Your objective: If pictures appear in the lines below, skip them and copy exactly the lines from the one containing "Пневматична Хлопавка 40см" through the one containing "We are beyond", and nothing else.

Dataset records:
━━━

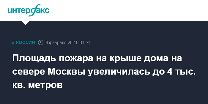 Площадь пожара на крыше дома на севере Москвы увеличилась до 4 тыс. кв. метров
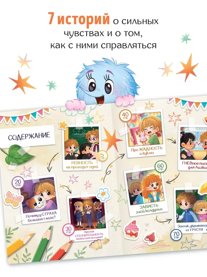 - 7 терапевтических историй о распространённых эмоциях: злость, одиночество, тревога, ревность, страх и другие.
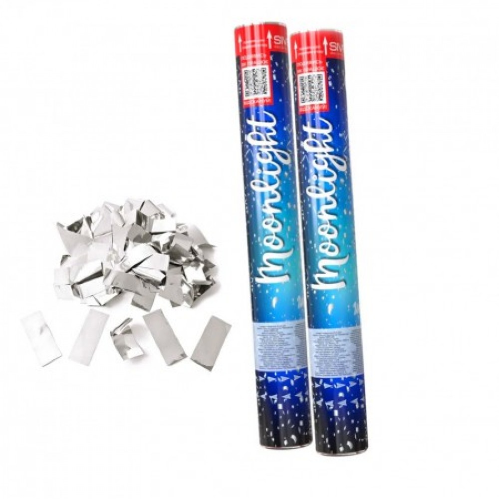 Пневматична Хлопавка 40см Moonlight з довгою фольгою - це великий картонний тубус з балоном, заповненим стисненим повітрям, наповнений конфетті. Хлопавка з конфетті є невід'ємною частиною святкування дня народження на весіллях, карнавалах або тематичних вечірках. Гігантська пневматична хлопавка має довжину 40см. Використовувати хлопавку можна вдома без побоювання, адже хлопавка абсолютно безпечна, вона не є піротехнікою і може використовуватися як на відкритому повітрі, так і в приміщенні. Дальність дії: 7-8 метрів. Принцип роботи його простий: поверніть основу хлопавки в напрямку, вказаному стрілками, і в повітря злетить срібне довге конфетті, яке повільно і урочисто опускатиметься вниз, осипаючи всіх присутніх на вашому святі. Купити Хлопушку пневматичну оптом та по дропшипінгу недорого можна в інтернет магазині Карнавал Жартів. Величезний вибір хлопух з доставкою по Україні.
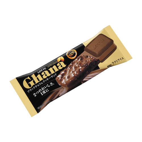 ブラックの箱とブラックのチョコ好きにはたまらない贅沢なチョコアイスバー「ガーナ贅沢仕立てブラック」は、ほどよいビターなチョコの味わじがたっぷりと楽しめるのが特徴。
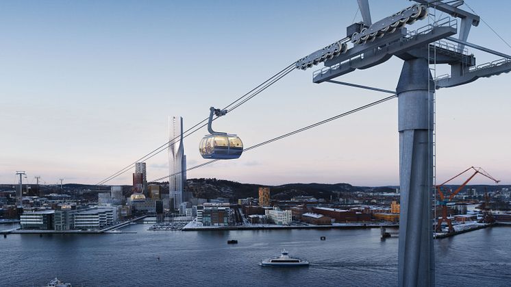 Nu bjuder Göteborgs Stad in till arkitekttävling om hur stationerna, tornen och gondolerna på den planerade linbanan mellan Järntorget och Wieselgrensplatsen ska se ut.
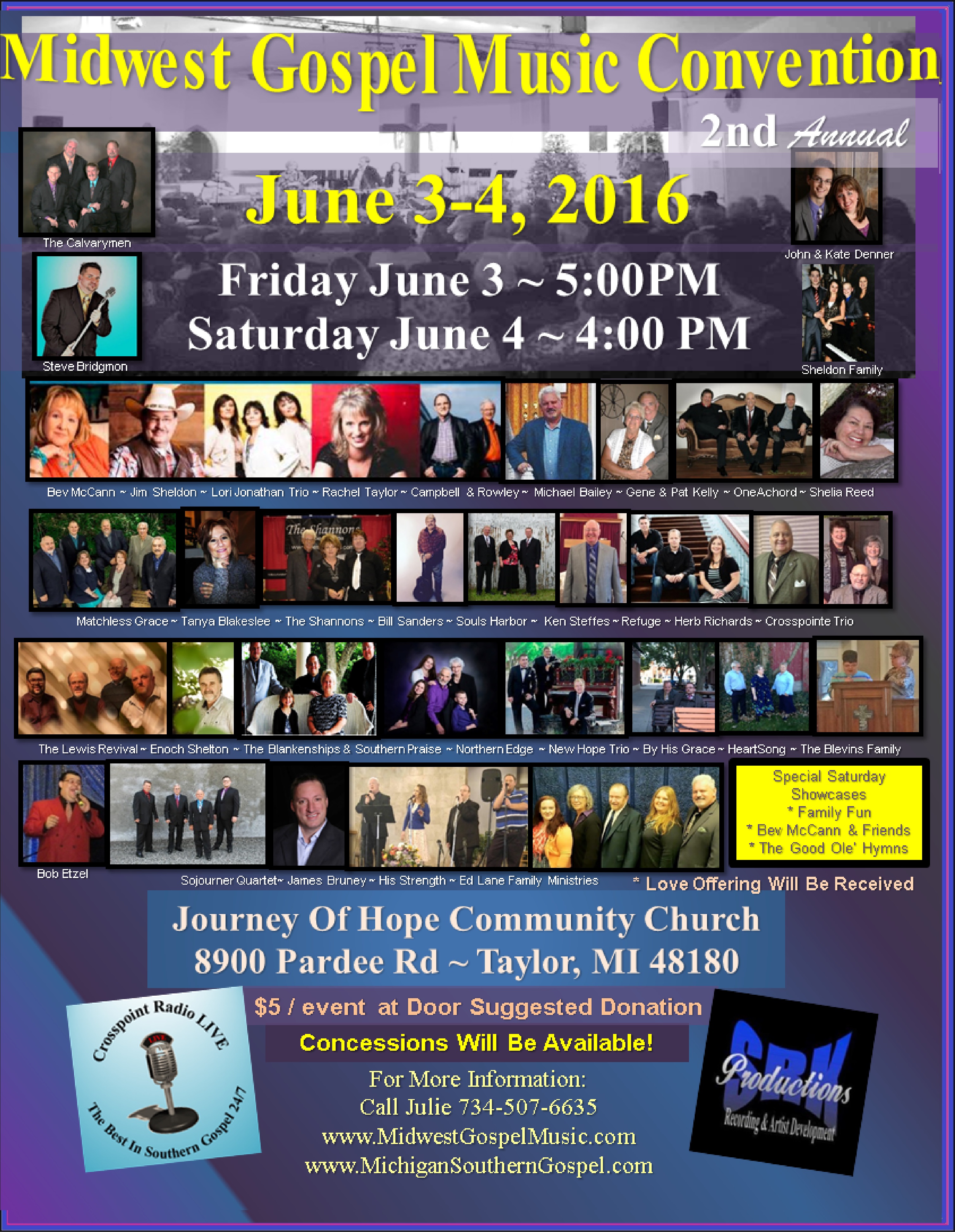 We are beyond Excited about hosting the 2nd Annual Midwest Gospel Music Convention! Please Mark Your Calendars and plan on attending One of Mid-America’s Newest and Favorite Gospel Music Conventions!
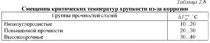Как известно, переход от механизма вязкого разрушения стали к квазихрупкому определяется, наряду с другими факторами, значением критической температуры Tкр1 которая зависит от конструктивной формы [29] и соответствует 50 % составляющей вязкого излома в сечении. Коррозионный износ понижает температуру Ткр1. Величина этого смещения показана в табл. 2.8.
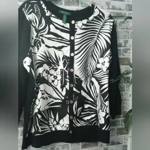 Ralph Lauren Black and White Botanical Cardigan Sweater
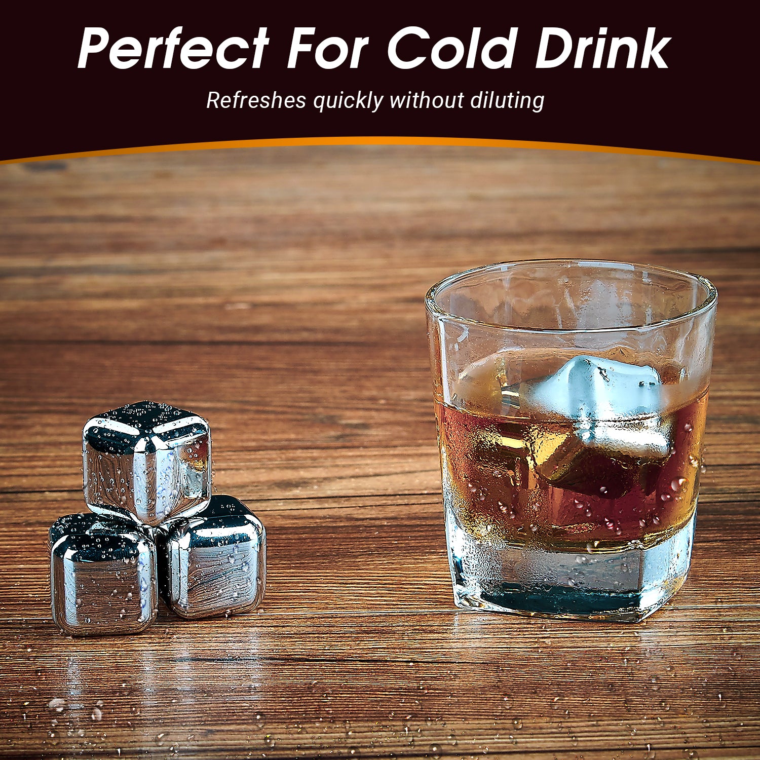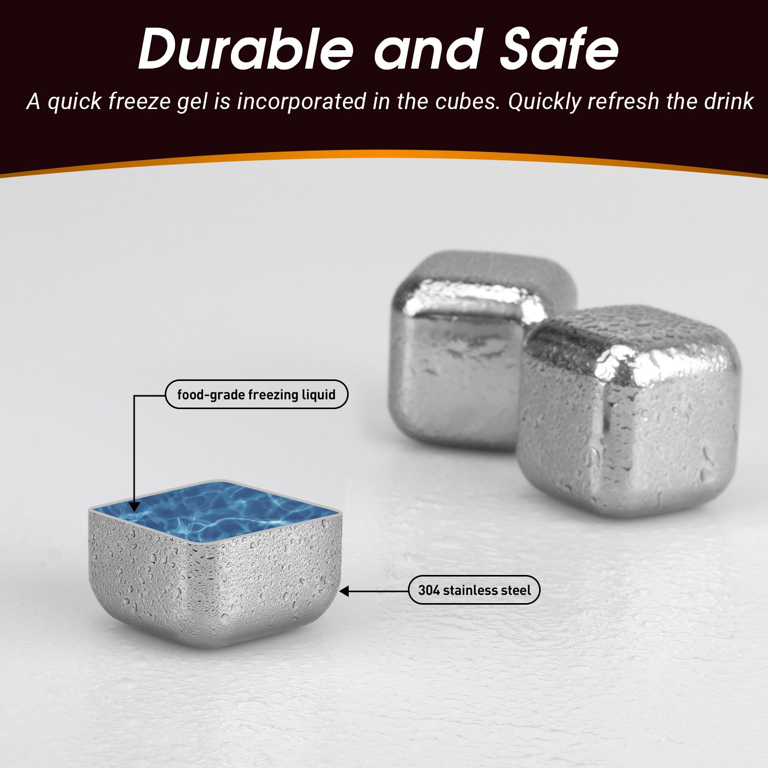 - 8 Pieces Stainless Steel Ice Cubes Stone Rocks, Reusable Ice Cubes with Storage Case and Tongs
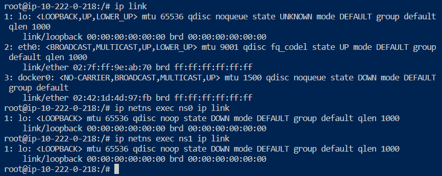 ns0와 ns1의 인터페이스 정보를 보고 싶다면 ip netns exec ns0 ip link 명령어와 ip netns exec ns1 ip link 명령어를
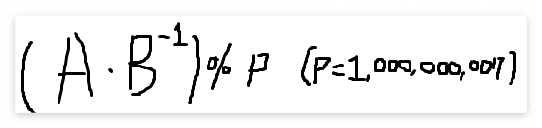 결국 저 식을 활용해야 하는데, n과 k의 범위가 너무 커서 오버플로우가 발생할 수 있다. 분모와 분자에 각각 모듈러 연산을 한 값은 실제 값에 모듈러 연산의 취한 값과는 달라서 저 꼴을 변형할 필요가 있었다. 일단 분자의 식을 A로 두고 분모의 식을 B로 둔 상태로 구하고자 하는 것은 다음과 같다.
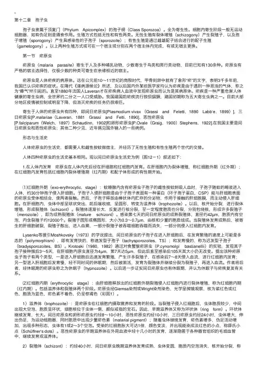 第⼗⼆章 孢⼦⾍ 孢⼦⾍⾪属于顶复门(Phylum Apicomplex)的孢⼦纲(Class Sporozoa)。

━━━

Result below:
 Пневматична Хлопавка 40см Moonlight з довгою фольгою - це великий картонний тубус з балоном, заповненим стисненим повітрям, наповнений конфетті. Хлопавка з конфетті є невід'ємною частиною святкування дня народження на весіллях, карнавалах або тематичних вечірках. Гігантська пневматична хлопавка має довжину 40см. Використовувати хлопавку можна вдома без побоювання, адже хлопавка абсолютно безпечна, вона не є піротехнікою і може використовуватися як на відкритому повітрі, так і в приміщенні. Дальність дії: 7-8 метрів. Принцип роботи його простий: поверніть основу хлопавки в напрямку, вказаному стрілками, і в повітря злетить срібне довге конфетті, яке повільно і урочисто опускатиметься вниз, осипаючи всіх присутніх на вашому святі. Купити Хлопушку пневматичну оптом та по дропшипінгу недорого можна в інтернет магазині Карнавал Жартів. Величезний вибір хлопух з доставкою по Україні.
 ブラックの箱とブラックのチョコ好きにはたまらない贅沢なチョコアイスバー「ガーナ贅沢仕立てブラック」は、ほどよいビターなチョコの味わじがたっぷりと楽しめるのが特徴。
 Nu bjuder Göteborgs Stad in till arkitekttävling om hur stationerna, tornen och gondolerna på den planerade linbanan mellan Järntorget och Wieselgrensplatsen ska se ut.
 We are beyond Excited about hosting the 2nd Annual Midwest Gospel Music Convention! Please Mark Your Calendars and plan on attending One of Mid-America’s Newest and Favorite Gospel Music Conventions!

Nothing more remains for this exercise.